Electronics manufacturers attach surface mount components to a circuit board by first printing solder paste on metallized areas on one or both major surfaces of the board. Once the paste is printed, surface mount components are placed so that each lead of a component contacts a corresponding solder paste-coated area. Thereafter, the circuit board is heated to reflow the solder paste, thereby bonding the component leads to the metallized areas.
During the component attachment process, different inspections are often performed. For instance, the board may be inspected after the solder paste is printed onto the metallized areas. The board also may be inspected after the components have been placed on the solder paste-coated metallized areas. Lastly, the board may be inspected after the solder paste has been reflowed to bond the components to the metallized areas. In the past, human operators performed each required inspection. Such inspections were found to be tedious and demanding, causing even the most careful operators to make mistakes during inspection.
In an effort to improve the process of circuit board inspection, automated inspection equipment has been developed. While such automated inspection equipment doesn't suffer from boredom and eyestrain like human operators, automated inspection equipment has been slow and expensive. More often than not, the accuracy achieved by current automated inspection equipment has not proven to be significantly better than the accuracy achieved by a human operator. Indeed, the human vision system is extremely capable of detecting irregularities in a two-dimensional or three-dimensional array of uniformly arranged and oriented items. As a human operator inspects an array of uniformly spaced items, the operator's eyes will focus quickly on those row(s) in the array containing a missing or misaligned item. Even if the array contains a large number of items, a human operator can easily detect those few that are missing and/or misaligned, provided there is large scale regularity.

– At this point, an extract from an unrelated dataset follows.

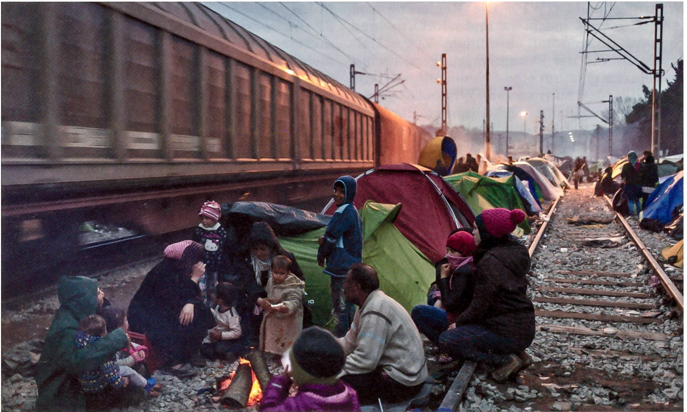
Bilder wie dieses machten zeitweise täglich auf das Flüchtlingselend aufmerksam.

nisterpräsident Matteo Renzi vorangetriebene Reformpaket gegen die trägen Politinstitutionen Italiens stimmen 179 Senatoren bei 16 Gegenstimmen und 7 Enthaltungen. Zahlreiche Senatoren der Opposition verlassen vor der Abstimmung den Saal.

Unfortunately, a typical circuit board does not have its metallized areas uniformly spaced and oriented in a two-dimensional array so as to possess large scale regularity. Most circuit boards have their metallized areas arranged in numerous individual gays. Consequently, the operator must shift his or her focus to each individual array, causing fatigue and eye strain. Thus, the arrangement of metallized areas on most circuit boards (as well as the arrangement of the component leads or pads attached thereto) is not consistent with an arrangement in which the error recognition capability of the human eye is optimized.
Thus, there is a need for an inspection technique that maximizes the capability of a human operator to detect defects.